Without much explanation, Walker admitted the Irish immigrants into the American fold as northern Europeans. With Americanization came demographic failure, so that the Irish as Americans were, in their turn, “shrinking” from competition with Italians and no longer reproducing mightily. But this time the Americanization process had come to a halt. Walker thought the new immigrants, unlike the old ones, had to remain inherently repulsive.13 In no way could these new hordes evolve like northern Europeans; they would inevitably “degrade” American citizenship.
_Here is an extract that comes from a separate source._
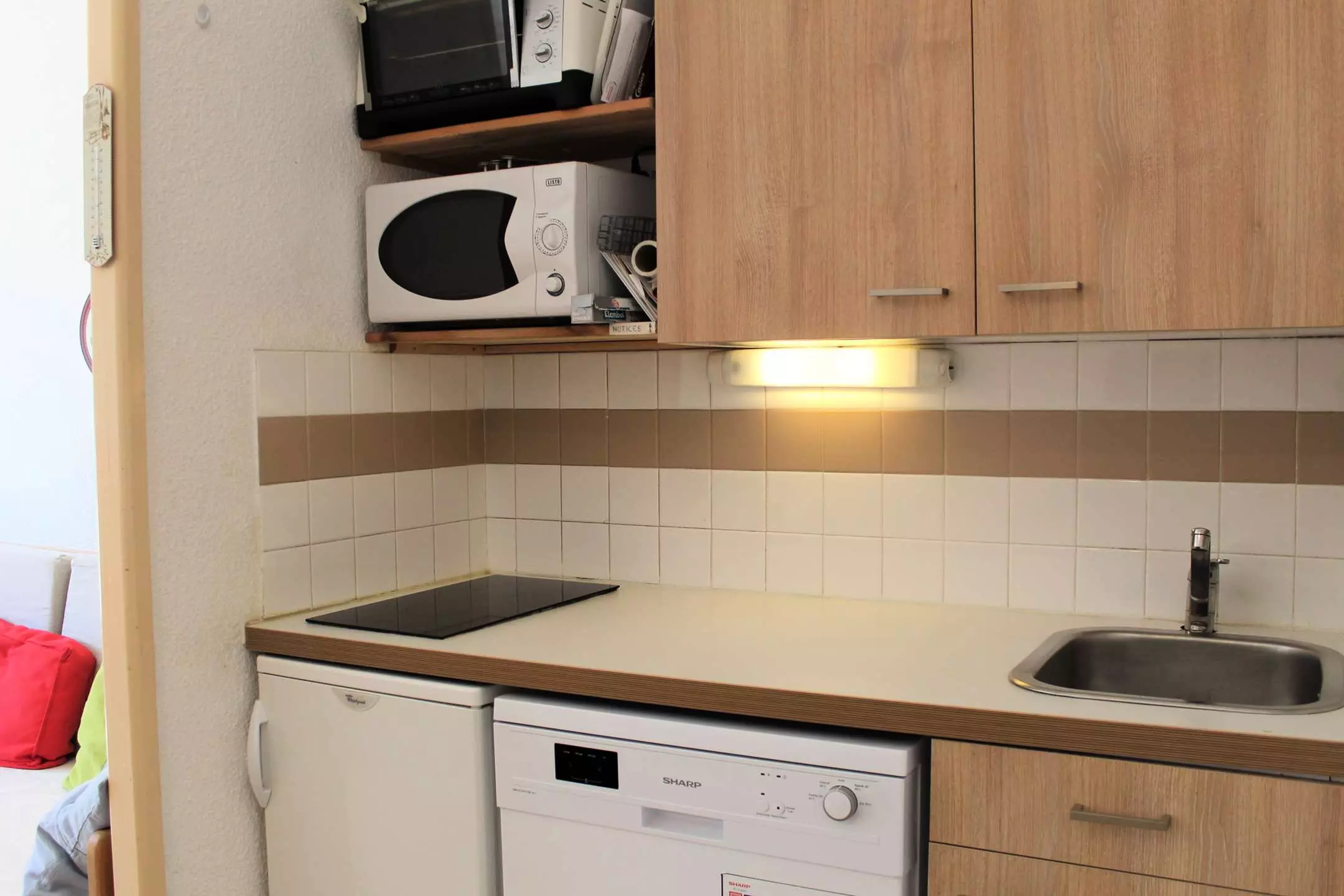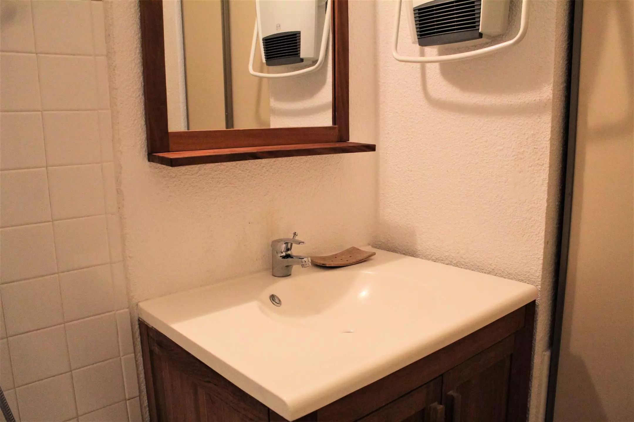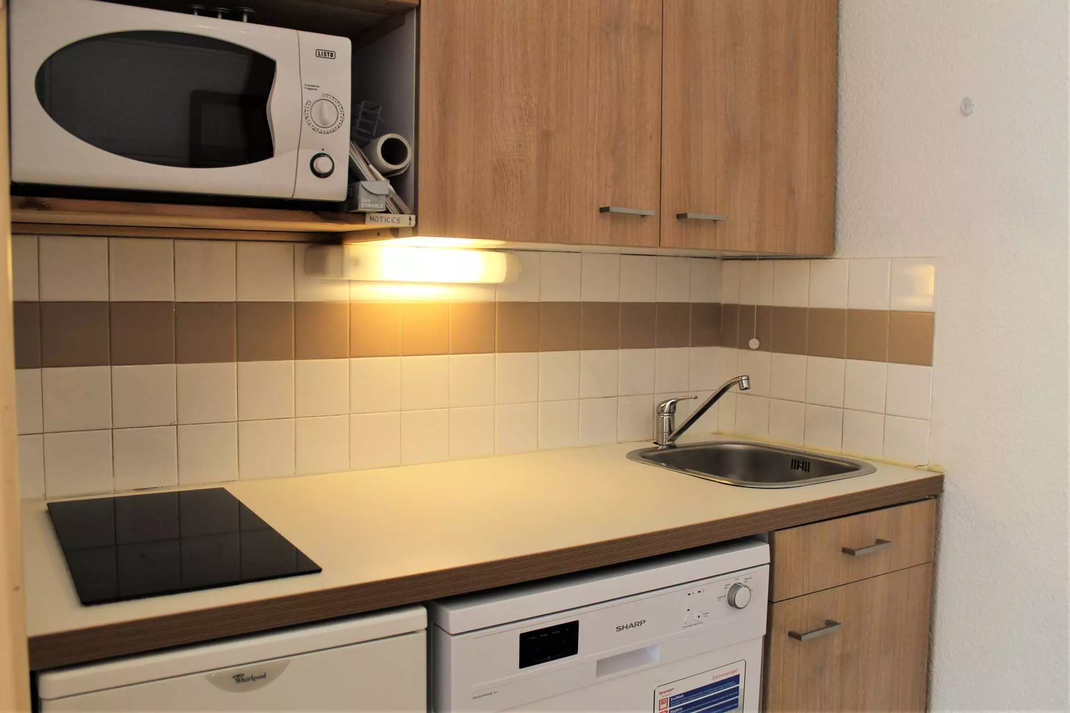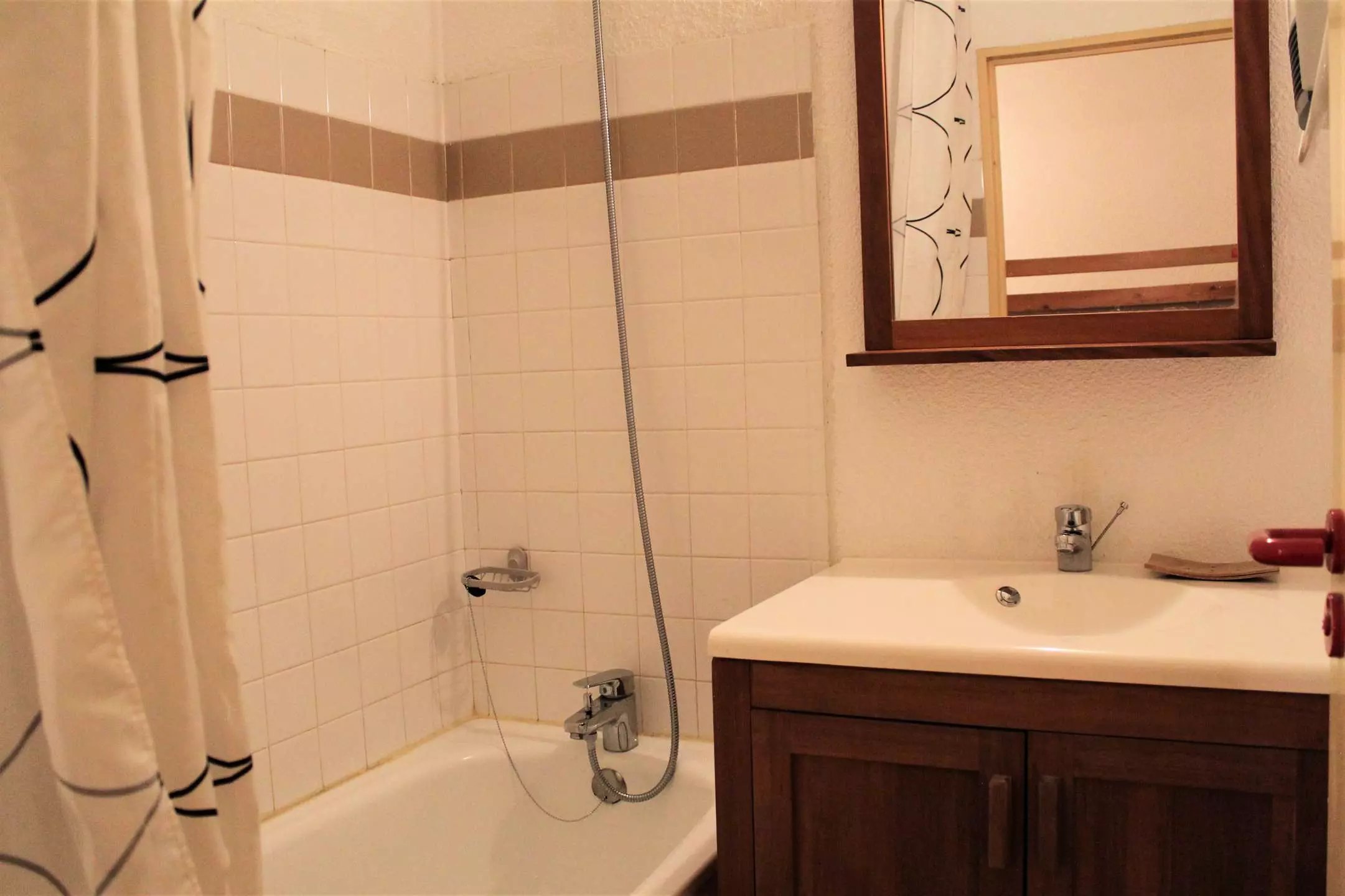 Cet appartement à la montagne se compose d'un coin cuisine équipé ouvert sur un séjour disposant d'un canapé convertible pour deux personnes. Il dispose également d'un coin nuit avec deux lits superposés une place, d'une salle de bains avec baignoire et d'un WC indépendant.

For Walker, cheap, easy transatlantic transportation was partly to blame for lowering the caliber of immigrants. In the old days, only the brave and enterprising ventured across the seas. But now “Hungarians, Bohemians, Poles, south Italians, and Russian Jews,” from “every foul and stagnant pool of population of Europe,” could reach the United States with ease. These “vast masses of peasantry, degraded below our utmost conceptions,” lacked all “the inherited instincts and tendencies” of native (white) Americans. Walker did not hold back: “Their [the new immigrants’] habits of life, again, are of the most revolting kind.”

Moreover, and most significantly for Walker, these “masses of alien population” created problems spanning politics, the economy, and demography: laboring for low wages, they offered a harvest of ignorant workers ripe for demagogues. Lured into labor unions, they could easily be “duped” into going on strike. Such immigrant radicalism threatened the very health of American democracy.

The themes trumpeted by Walker and seconded by Lodge—New England superiority, reproductive competition, and labor radicalism—expressed a deeply conservative ideology that perverted Darwinian natural selection and feared worker autonomy. These notions would enjoy great longevity in the new language of truth: racial science. Supposedly rigorous and attentive to natural laws, racial science supplied the theory and praxis of difference among Europeans (as well as the descendants of Africans) in the United States. No longer stigmatized as inherently different, Irish and Germans entered a second enlargement of American whiteness to become constituent parts of the American. For now there were newcomers to toil at hard labor and be stigmatized as racially inferior.